What needs to be done:
Whatever appears in the records should be given again exactly, down to the last mark.

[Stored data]
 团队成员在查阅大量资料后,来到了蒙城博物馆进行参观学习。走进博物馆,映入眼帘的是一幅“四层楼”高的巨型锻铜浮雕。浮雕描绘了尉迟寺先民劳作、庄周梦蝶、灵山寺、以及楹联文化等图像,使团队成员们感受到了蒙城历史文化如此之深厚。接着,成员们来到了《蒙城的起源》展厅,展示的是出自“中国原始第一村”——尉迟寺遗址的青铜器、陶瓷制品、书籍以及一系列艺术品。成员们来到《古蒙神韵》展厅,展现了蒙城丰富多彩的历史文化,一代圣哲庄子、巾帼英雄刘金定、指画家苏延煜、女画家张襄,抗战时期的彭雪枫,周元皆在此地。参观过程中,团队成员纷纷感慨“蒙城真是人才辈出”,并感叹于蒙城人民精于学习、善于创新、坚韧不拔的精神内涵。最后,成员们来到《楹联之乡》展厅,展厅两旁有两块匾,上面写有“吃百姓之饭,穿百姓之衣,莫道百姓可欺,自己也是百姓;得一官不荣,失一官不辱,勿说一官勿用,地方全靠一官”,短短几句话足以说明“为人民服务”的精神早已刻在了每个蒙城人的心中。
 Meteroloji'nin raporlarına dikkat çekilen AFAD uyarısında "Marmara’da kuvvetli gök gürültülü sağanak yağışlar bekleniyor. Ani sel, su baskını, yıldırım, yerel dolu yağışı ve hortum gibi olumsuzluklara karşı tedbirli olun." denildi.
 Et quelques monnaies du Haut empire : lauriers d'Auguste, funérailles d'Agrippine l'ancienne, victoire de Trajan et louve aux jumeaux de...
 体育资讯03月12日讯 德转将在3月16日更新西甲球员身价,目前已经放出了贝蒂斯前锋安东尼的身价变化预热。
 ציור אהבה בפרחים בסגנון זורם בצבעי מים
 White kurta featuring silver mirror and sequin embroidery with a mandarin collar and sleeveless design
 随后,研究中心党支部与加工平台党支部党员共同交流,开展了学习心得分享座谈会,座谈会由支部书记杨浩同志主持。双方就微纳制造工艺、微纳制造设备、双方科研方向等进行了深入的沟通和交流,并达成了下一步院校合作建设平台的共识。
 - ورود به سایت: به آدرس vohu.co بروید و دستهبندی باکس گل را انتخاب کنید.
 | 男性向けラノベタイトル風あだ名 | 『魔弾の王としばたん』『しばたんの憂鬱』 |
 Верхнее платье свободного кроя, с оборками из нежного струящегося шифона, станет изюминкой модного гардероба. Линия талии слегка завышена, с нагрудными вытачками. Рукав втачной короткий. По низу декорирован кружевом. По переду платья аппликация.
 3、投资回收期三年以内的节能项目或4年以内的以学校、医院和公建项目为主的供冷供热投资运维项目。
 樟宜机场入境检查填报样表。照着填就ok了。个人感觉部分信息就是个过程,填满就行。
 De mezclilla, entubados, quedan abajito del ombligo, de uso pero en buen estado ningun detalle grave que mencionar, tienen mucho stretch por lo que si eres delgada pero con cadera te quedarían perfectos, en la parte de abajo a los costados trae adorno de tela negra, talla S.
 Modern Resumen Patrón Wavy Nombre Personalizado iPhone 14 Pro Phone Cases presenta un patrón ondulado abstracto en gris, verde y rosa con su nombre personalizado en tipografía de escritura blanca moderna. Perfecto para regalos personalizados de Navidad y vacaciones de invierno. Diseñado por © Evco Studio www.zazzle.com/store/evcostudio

Problem solution:
 团队成员在查阅大量资料后,来到了蒙城博物馆进行参观学习。走进博物馆,映入眼帘的是一幅“四层楼”高的巨型锻铜浮雕。浮雕描绘了尉迟寺先民劳作、庄周梦蝶、灵山寺、以及楹联文化等图像,使团队成员们感受到了蒙城历史文化如此之深厚。接着,成员们来到了《蒙城的起源》展厅,展示的是出自“中国原始第一村”——尉迟寺遗址的青铜器、陶瓷制品、书籍以及一系列艺术品。成员们来到《古蒙神韵》展厅,展现了蒙城丰富多彩的历史文化,一代圣哲庄子、巾帼英雄刘金定、指画家苏延煜、女画家张襄,抗战时期的彭雪枫,周元皆在此地。参观过程中,团队成员纷纷感慨“蒙城真是人才辈出”,并感叹于蒙城人民精于学习、善于创新、坚韧不拔的精神内涵。最后,成员们来到《楹联之乡》展厅,展厅两旁有两块匾,上面写有“吃百姓之饭,穿百姓之衣,莫道百姓可欺,自己也是百姓;得一官不荣,失一官不辱,勿说一官勿用,地方全靠一官”,短短几句话足以说明“为人民服务”的精神早已刻在了每个蒙城人的心中。
 Meteroloji'nin raporlarına dikkat çekilen AFAD uyarısında "Marmara’da kuvvetli gök gürültülü sağanak yağışlar bekleniyor. Ani sel, su baskını, yıldırım, yerel dolu yağışı ve hortum gibi olumsuzluklara karşı tedbirli olun." denildi.
 Et quelques monnaies du Haut empire : lauriers d'Auguste, funérailles d'Agrippine l'ancienne, victoire de Trajan et louve aux jumeaux de...
 体育资讯03月12日讯 德转将在3月16日更新西甲球员身价,目前已经放出了贝蒂斯前锋安东尼的身价变化预热。
 ציור אהבה בפרחים בסגנון זורם בצבעי מים
 White kurta featuring silver mirror and sequin embroidery with a mandarin collar and sleeveless design
 随后,研究中心党支部与加工平台党支部党员共同交流,开展了学习心得分享座谈会,座谈会由支部书记杨浩同志主持。双方就微纳制造工艺、微纳制造设备、双方科研方向等进行了深入的沟通和交流,并达成了下一步院校合作建设平台的共识。
 - ورود به سایت: به آدرس vohu.co بروید و دستهبندی باکس گل را انتخاب کنید.
 | 男性向けラノベタイトル風あだ名 | 『魔弾の王としばたん』『しばたんの憂鬱』 |
 Верхнее платье свободного кроя, с оборками из нежного струящегося шифона, станет изюминкой модного гардероба. Линия талии слегка завышена, с нагрудными вытачками. Рукав втачной короткий. По низу декорирован кружевом. По переду платья аппликация.
 3、投资回收期三年以内的节能项目或4年以内的以学校、医院和公建项目为主的供冷供热投资运维项目。
 樟宜机场入境检查填报样表。照着填就ok了。个人感觉部分信息就是个过程,填满就行。
 De mezclilla, entubados, quedan abajito del ombligo, de uso pero en buen estado ningun detalle grave que mencionar, tienen mucho stretch por lo que si eres delgada pero con cadera te quedarían perfectos, en la parte de abajo a los costados trae adorno de tela negra, talla S.
 Modern Resumen Patrón Wavy Nombre Personalizado iPhone 14 Pro Phone Cases presenta un patrón ondulado abstracto en gris, verde y rosa con su nombre personalizado en tipografía de escritura blanca moderna. Perfecto para regalos personalizados de Navidad y vacaciones de invierno. Diseñado por © Evco Studio www.zazzle.com/store/evcostudio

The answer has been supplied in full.